### [PROBLEM STATEMENT]
For the records below, please print exactly and only the lines from the one with "4月2日,游客在黟县宏村欣赏春日美景。" down to the one with "在权威专家的指导下,《明见万", both ends included, omitting the pictures.
═══ PROVIDED MATERIAL
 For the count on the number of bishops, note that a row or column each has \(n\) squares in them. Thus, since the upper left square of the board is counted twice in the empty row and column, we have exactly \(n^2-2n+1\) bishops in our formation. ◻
══════
═══ PROVIDED MATERIAL
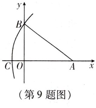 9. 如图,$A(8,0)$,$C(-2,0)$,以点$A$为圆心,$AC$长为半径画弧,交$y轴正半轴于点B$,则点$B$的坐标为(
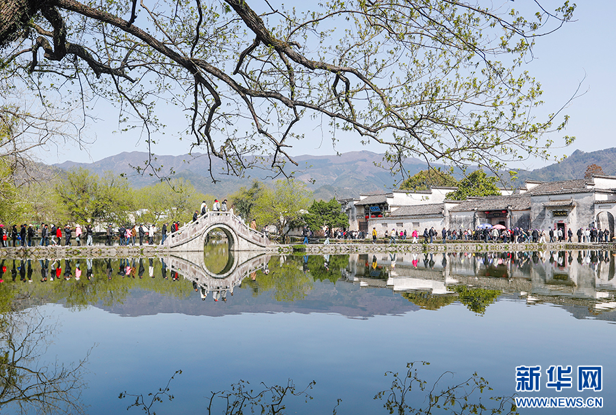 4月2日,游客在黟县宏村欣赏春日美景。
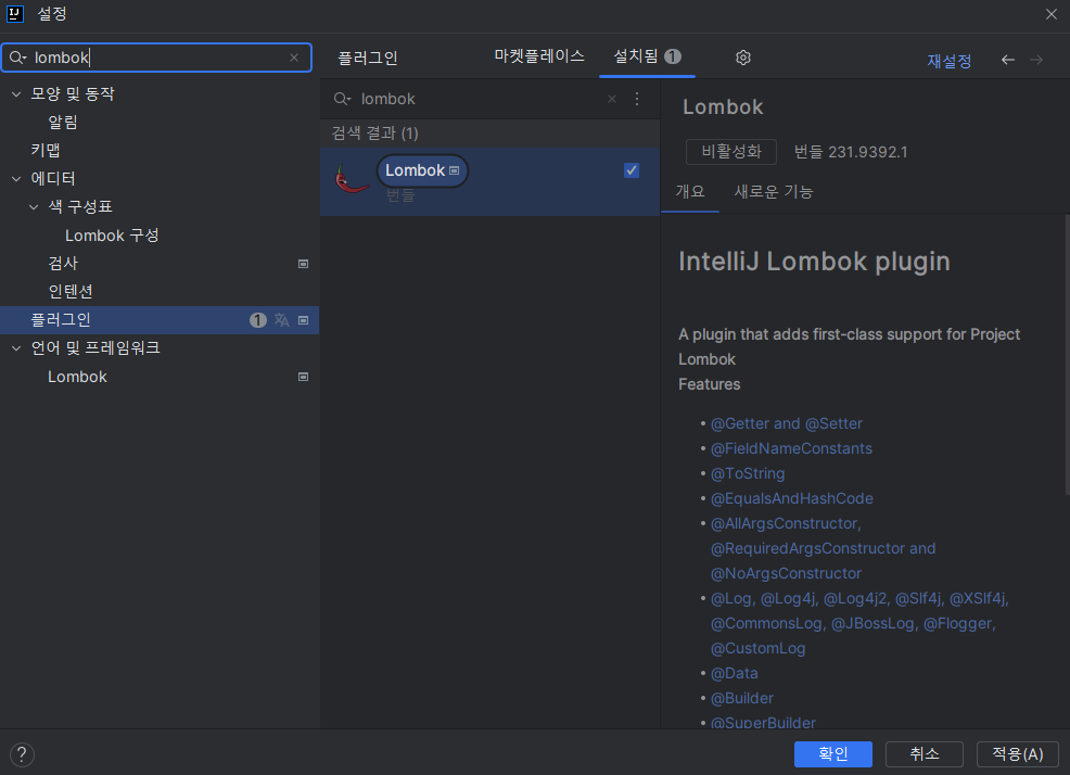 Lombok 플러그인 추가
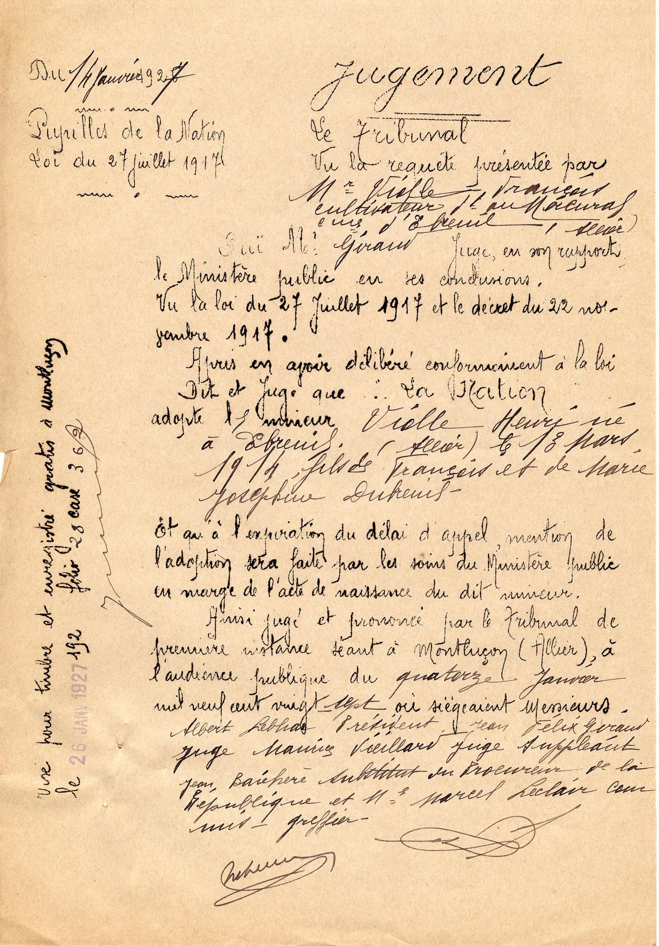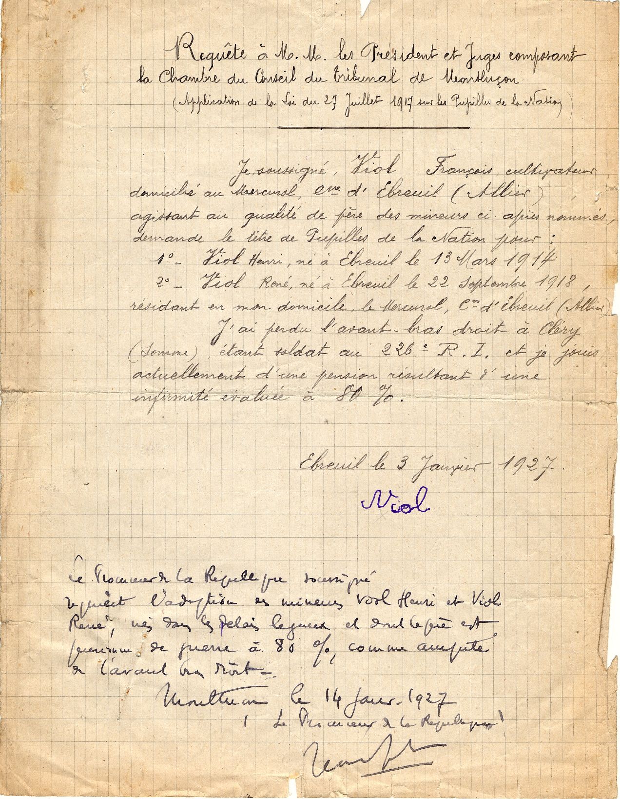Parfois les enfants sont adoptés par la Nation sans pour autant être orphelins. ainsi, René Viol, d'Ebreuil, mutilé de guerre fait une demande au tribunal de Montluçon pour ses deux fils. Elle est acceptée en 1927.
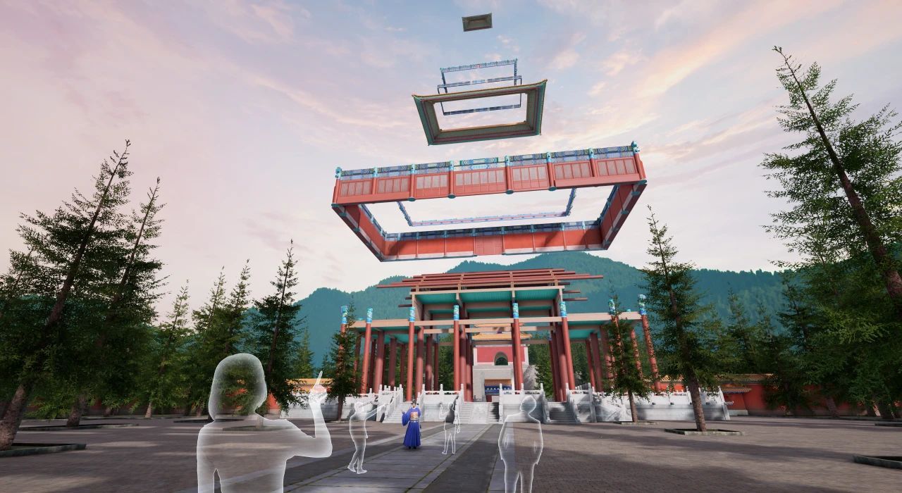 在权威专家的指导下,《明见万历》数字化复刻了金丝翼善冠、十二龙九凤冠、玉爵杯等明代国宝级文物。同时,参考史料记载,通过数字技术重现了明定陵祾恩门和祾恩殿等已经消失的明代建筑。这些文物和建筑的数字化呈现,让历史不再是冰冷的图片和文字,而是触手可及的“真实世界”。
══════
### [ANSWER TO THE EXERCISE]
 4月2日,游客在黟县宏村欣赏春日美景。
 Lombok 플러그인 추가
Parfois les enfants sont adoptés par la Nation sans pour autant être orphelins. ainsi, René Viol, d'Ebreuil, mutilé de guerre fait une demande au tribunal de Montluçon pour ses deux fils. Elle est acceptée en 1927.
 在权威专家的指导下,《明见万历》数字化复刻了金丝翼善冠、十二龙九凤冠、玉爵杯等明代国宝级文物。同时,参考史料记载,通过数字技术重现了明定陵祾恩门和祾恩殿等已经消失的明代建筑。这些文物和建筑的数字化呈现,让历史不再是冰冷的图片和文字,而是触手可及的“真实世界”。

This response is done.